(Supplied records):
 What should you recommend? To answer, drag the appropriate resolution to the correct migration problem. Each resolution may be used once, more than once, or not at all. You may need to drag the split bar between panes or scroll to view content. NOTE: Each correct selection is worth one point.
--
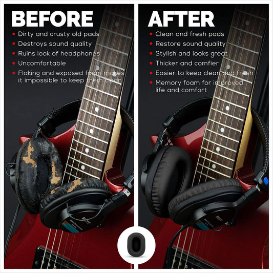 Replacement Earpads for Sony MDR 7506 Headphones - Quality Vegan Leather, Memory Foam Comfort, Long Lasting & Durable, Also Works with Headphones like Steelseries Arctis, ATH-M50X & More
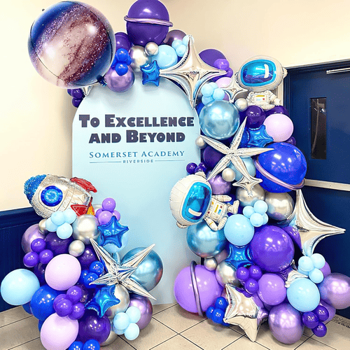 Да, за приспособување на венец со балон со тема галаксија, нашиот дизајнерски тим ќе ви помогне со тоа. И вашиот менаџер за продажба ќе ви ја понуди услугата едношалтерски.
...
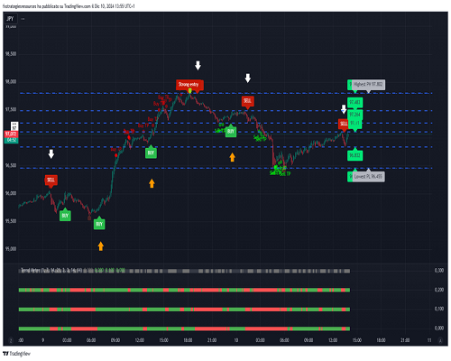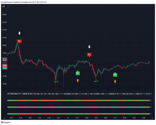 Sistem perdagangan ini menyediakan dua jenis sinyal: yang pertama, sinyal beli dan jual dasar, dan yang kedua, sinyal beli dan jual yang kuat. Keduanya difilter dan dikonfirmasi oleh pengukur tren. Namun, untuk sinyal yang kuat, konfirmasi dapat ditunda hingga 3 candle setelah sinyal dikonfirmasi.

(Exercise objective): From the records above, quote word for word only the lines beginning at the line that has "Replacement Earpads for" and stopping after the line that has "Да, за приспособување". Omit the pictures.

(Problem solution):
 Replacement Earpads for Sony MDR 7506 Headphones - Quality Vegan Leather, Memory Foam Comfort, Long Lasting & Durable, Also Works with Headphones like Steelseries Arctis, ATH-M50X & More
 Да, за приспособување на венец со балон со тема галаксија, нашиот дизајнерски тим ќе ви помогне со тоа. И вашиот менаџер за продажба ќе ви ја понуди услугата едношалтерски.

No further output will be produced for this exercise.